Unauthenticated rate limiting is IP-based and trivially bypassed. Token-based rate limiting is the right approach: each JWT sub gets a quota.

import Bottleneck from "bottleneck";
 
const limiters = new Map<string, Bottleneck>();
 
function getLimiter(sub: string): Bottleneck {
  if (!limiters.has(sub)) {
    limiters.set(sub, new Bottleneck({
      reservoir: 60,              // 60 requests
      reservoirRefreshAmount: 60,
      reservoirRefreshInterval: 60 * 1000,  // per minute
      maxConcurrent: 3,
    }));
  }
  return limiters.get(sub)!;
}
 
// Wrap tool execution
async function rateLimitedExec<T>(sub: string, fn: () => Promise<T>): Promise<T> {
  return getLimiter(sub).schedule(fn);
}

Use Redis-backed rate limiters in multi-instance deployments. An in-process Map only works on a single server.

Rotating Secrets Without Downtime

MCP servers run continuously. Rotating signing keys mid-session is a pain point.
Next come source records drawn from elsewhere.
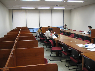 도서관 열람실. 의자가 상당히 편안한 의자이다. 학업에 열중하는 검은옷을 입은 여대생이 인상적이다.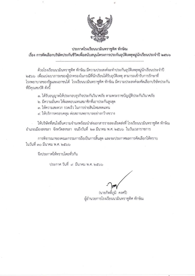 - ประกาศ รายชื่อผู้สมัครคัดเลือกผู้ประกอบการร้านค้าในสถานศึกษา |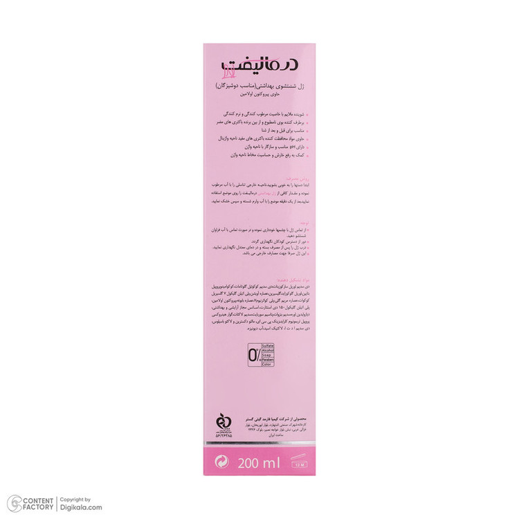 راهنمای استفاده: ابتدا دست ها را به خوبی بشویید.ناحیه خارجی را با آب مرطوب نموده و مقدار کافی از ژل بهداشتی درمالیفت را روی موضع استفاده نمایید.بعد از یک دقیقه موضع را با آب ولرم شسته و سپس خشک نمایید.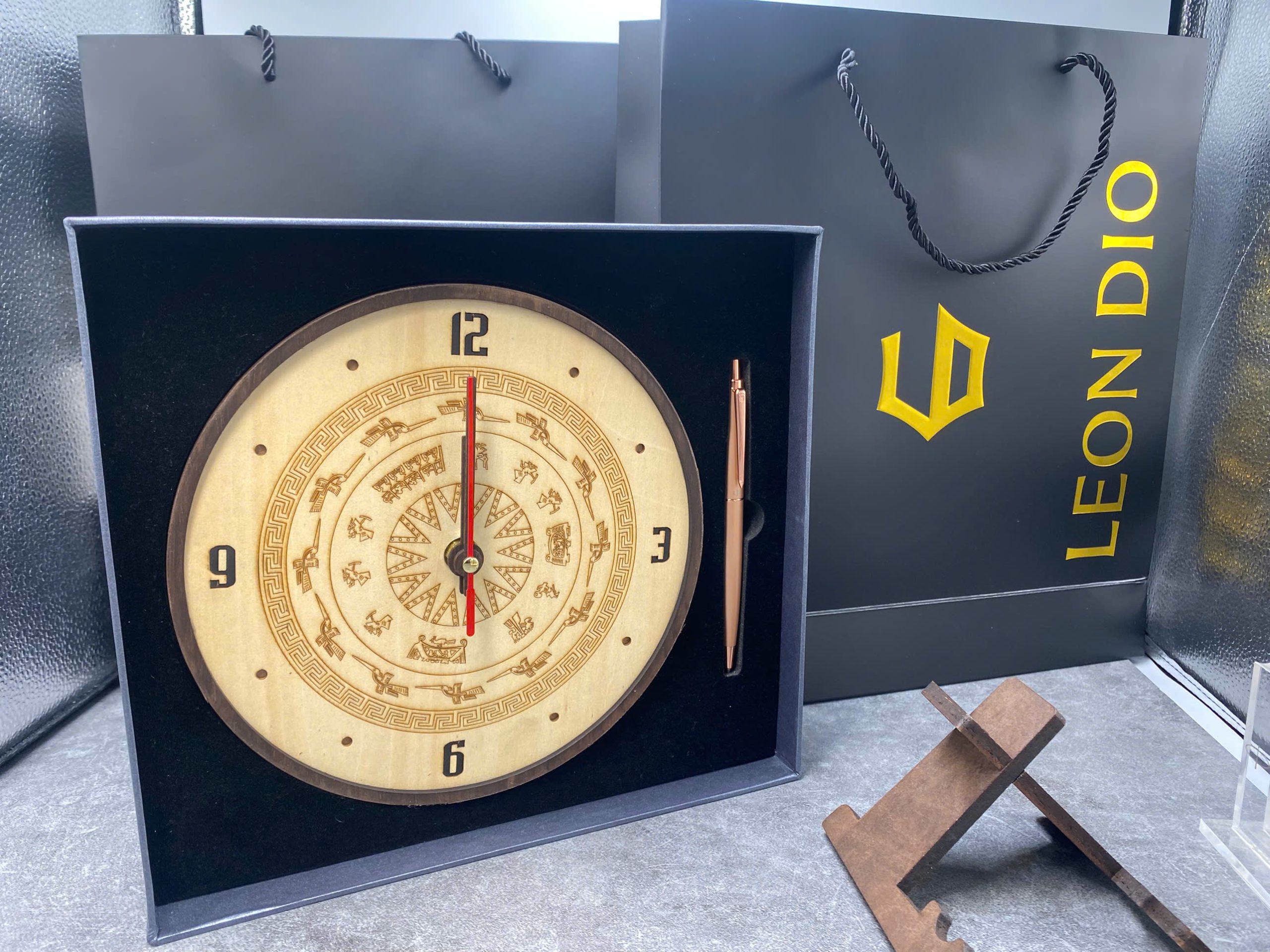 – Tên sản phẩm: GiftSet Đồng Hồ Trống Đồng và Bút Ký Leon Dio.

The solution is key ID (kid) in JWT headers and a JWKS endpoint that serves multiple simultaneous keys.

During rotation:

  1. Generate new key pair, add to JWKS endpoint.
  2. Update auth server to sign new tokens with the new key.
  3. Keep old key in JWKS for the maximum token lifetime (15 minutes).
  4. Remove old key from JWKS only after it has expired from all active tokens.
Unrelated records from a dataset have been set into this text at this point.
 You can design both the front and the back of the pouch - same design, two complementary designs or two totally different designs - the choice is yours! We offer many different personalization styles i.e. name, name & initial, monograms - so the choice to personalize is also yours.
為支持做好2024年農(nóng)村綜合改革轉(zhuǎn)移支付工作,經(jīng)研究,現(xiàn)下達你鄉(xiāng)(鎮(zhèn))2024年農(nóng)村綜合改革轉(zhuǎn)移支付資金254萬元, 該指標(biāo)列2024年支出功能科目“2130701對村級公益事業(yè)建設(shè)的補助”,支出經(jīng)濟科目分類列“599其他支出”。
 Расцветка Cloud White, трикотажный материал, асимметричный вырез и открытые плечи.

Your jwtVerify call against the JWKS endpoint handles this automatically because jose matches kid in the token header to the correct public key in the set.

Key Takeaways

  • The MCP protocol does not enforce authentication — you must implement it at the transport layer before any MCP handler runs.
  • Use OAuth 2.1 Authorization Code + PKCE for user-facing clients; use Client Credentials for service-to-service MCP connections.
  • Access tokens should expire in 15 minutes; use refresh token rotation to detect theft without forcing re-login.
  • Scope tokens to logical business operations (not individual tools) and enforce scopes server-side in every tool handler — never rely on the LLM to self-restrict.
  • Audit every tool invocation with principal, tool name, sanitized args, outcome, and duration; ship logs to your SIEM and alert on anomalies.
  • Rotate signing keys via JWKS without downtime by keeping the old key available for one maximum token lifetime after rotation.